The ILRI-IWMI partners believed that these statements were neither sufficiently nuanced to note huge differences in the world’s livestock systems nor grounded in good science. But it was clear to them that if the figures were true, they needed to find ways to reduce livestock use of water resources and if the figures were not true, they needed to determine accurate estimates of water use. They were fortunate to be welcomed into the CGIAR Challenge Program on Water and Food (CPWF) and the CGIAR Comprehensive Assessment of Water and Agriculture, both of which enabled the new partners to pursue research on what was quickly termed ‘livestock water productivity’ in an African context.

Many unanswered questions remain, but the following consensus emerged from the ILRI-IWMI partnership.
1. African beef production typically uses one-tenth to one-fifth the amount of water used in industrialized countries and livestock systems; 11,000–18,000 litres of water are used to produce one kilogram of beef in Africa compared to the 100,000 litres for beef production that is so often reported (see above). It is clear that industrialized livestock production systems tend to use vastly more water per unit of beef produced than Africa’s livestock keepers, who typically integrate their raising of beef stock with food cropping on small plots of land, where the livestock enhance the cropping (e.g., via manure for fertilizing the soils and draught power for ploughing the land) and the cropping enhances the livestock (e.g., via the residues of grain crops used to feed the farm animals).

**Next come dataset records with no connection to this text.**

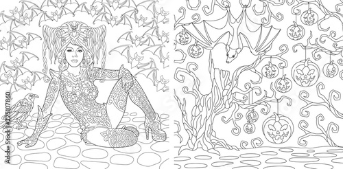 Fototapeta premium Halloween coloring pages with witch girl and flying bats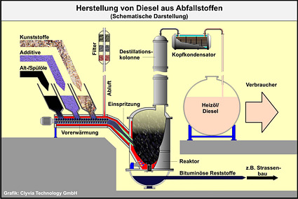 The company uses the method of "fractioned depolymerization", which is similar to cracking crude oil. In a thermal treatment process, long hydrocarbon chains are shortened until they are as long as heating oil or diesel. The method was developed and tested at the end of the 1970s and was proved to work even then, although the general conditions at the time were not suitable for profitable operation of the plant. In its own laboratories, Clyvia Technology GmbH has proved that the transformation of used oil, flushing oil and polymers into diesel or heating oil works.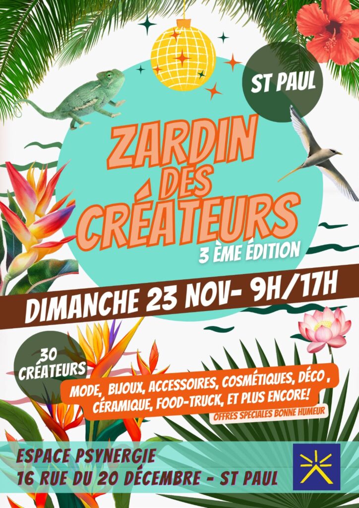Le 23 novembre à Saint-Paul, rendez-vous au zardin des créateurs à Saint-Paul. Venez découvrir les créations de 30 artisans : mode, bijoux, cosmétiques, illustrations, céramiques, accessoires, déco, ameublement, curiosités, plantes, gourmandises… et même un Food Truck !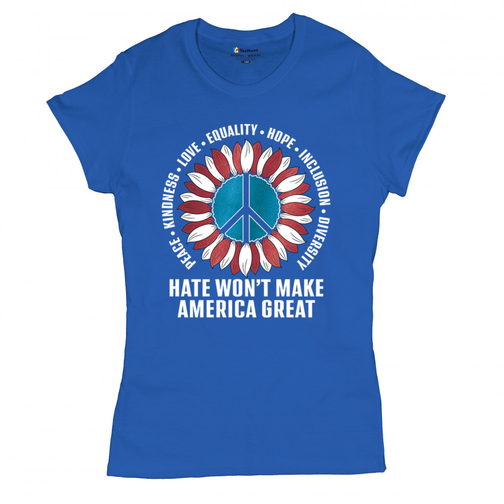 Embrace the message of love, equality, and unity with this eye-catching design. The sunflower and peace symbol represent a commitment to kindness and inclusion, rejecting hate and division. Perfect for those who support liberal values, this design is a bold statement against negativity and for a brighter future. Wear it proudly to show your belief in a diverse, united America. Let this design be a symbol of hope and progress for all.
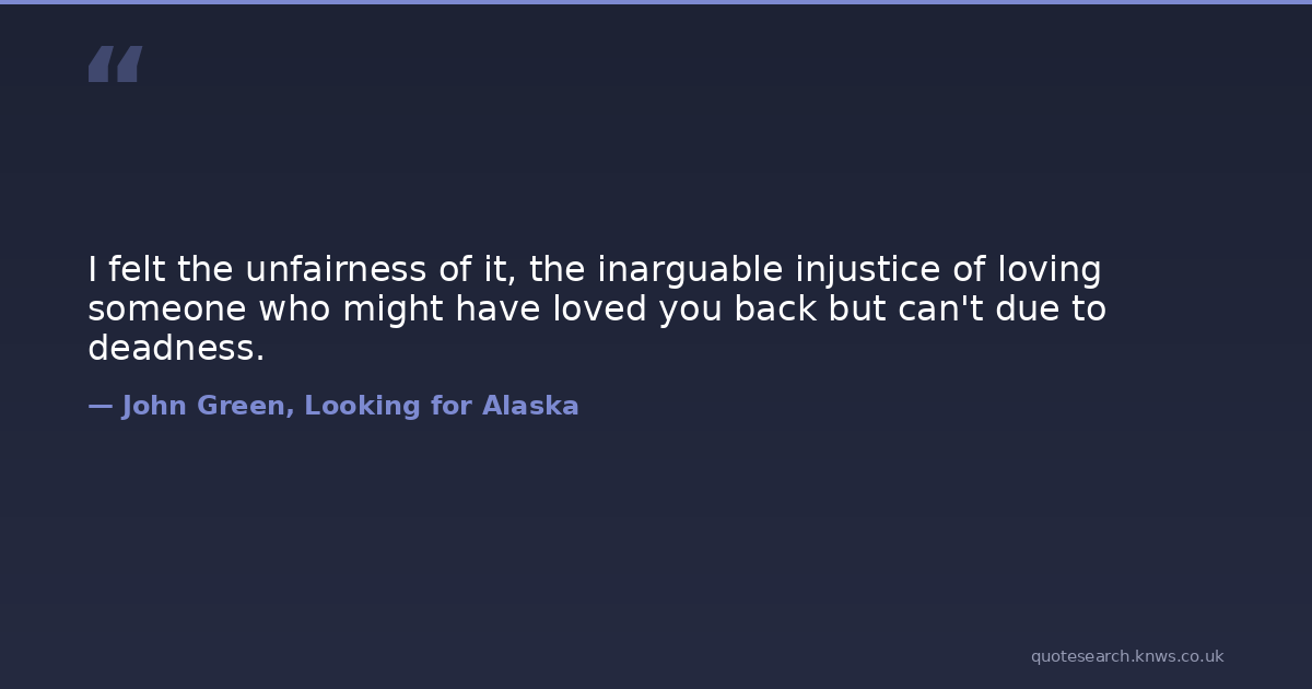 I felt the unfairness of it, the inarguable injustice of loving someone who might have loved you back but can't due to deadness.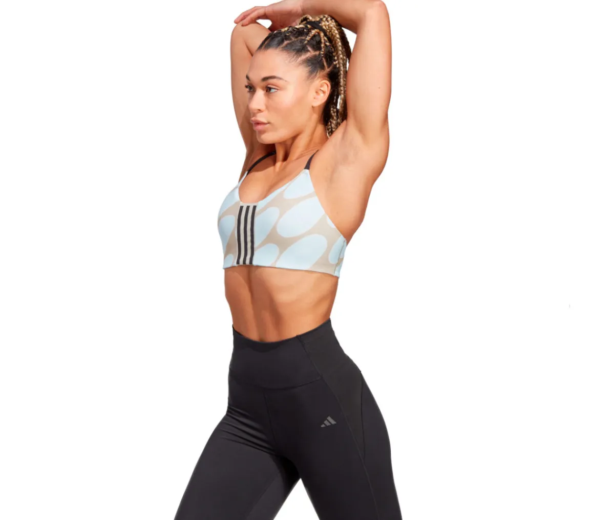 Il reggiseno sportivo Adidas X Marimekko Aeroimpact da donna offre ottimo supporto per la corsa, gli esercizi alla sbarra, lo yoga e il Pilates, la presenza della tecnologia AEROREADY consente la ventilazione ottimale.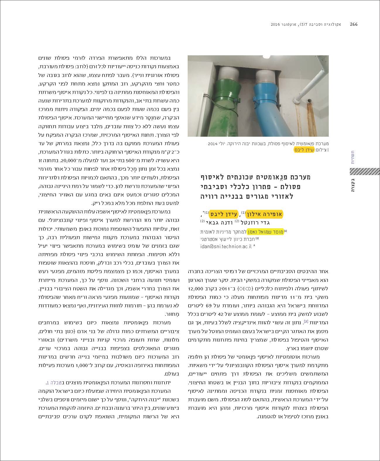 Haim Zaban, Noa Feller, Liron Amdur, Yoram Avnimelech, Ofira Ayalon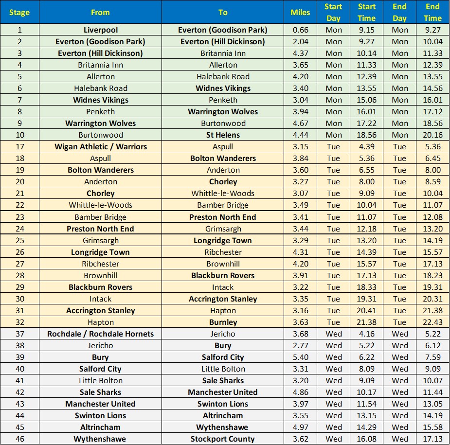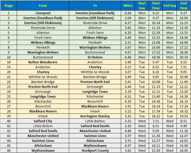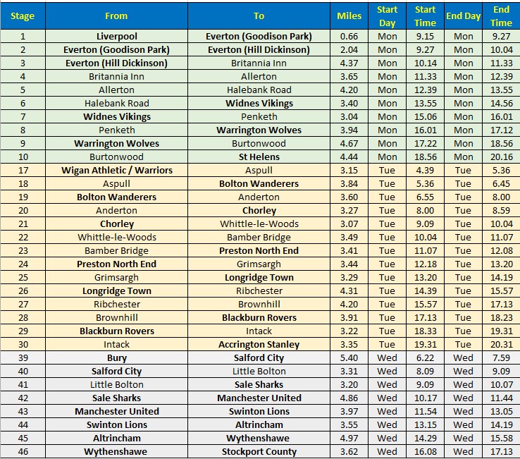 - Part 1 – Liverpool to Stockport County – Core Team One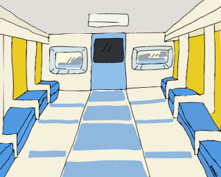 | 折りたたんでるマットとマットの上で滑りまくる敷物(どっちも青色)。 折りたたんだ状態で使うのか、伸ばすのか不明な枕風のクッション(青色)。 ビニール袋に包まれ、「洗濯してます、清潔です」の毛布(茶色)一枚で、一人分。 |

2. Because cattle and other livestock serve and benefit the world’s poor farmers in many ways, with meat being only one benefit that usually comes after an animal has served a long life on a farm, the water used in African smallholder livestock production systems generates many more benefits than meat alone.

3. Over the preceding half a century, much research had been conducted to increase crop water productivity, but virtually none to increase livestock water productivity. This dearth, along with the high and rising value of many animal products, suggests that returns on investments made to develop agricultural water resources for crops will be much greater if livestock are integrated in the cropping systems and factored into the water equations.

4. Finally, there still remains much room to increase livestock water productivity in Africa’s small-scale livestock production systems. Four strategies for doing this are outlined below and are included in a book that was launched earlier today in Addis Ababa.

But before we get to that press release, listen for a moment to Don Peden, a rangeland ecologist who led this research at ILRI for many years and who says the IWMI-ILRI partnership ‘was an extraordinary example of the potential for inter-centre collaboration.

I often think the partnership was as important as the research products it generated’, says Peden. ‘Many people and institutions helped make our collaborative work on water and livestock succeed. First on the list is Doug Merrey. Many of the CPWF staff made huge contributions and provided outstanding encouragement. There are too many to mention, but they include Jonathan Woolley, Alain Vidal, Seleshi Bekele, David Molden and Simon Cook.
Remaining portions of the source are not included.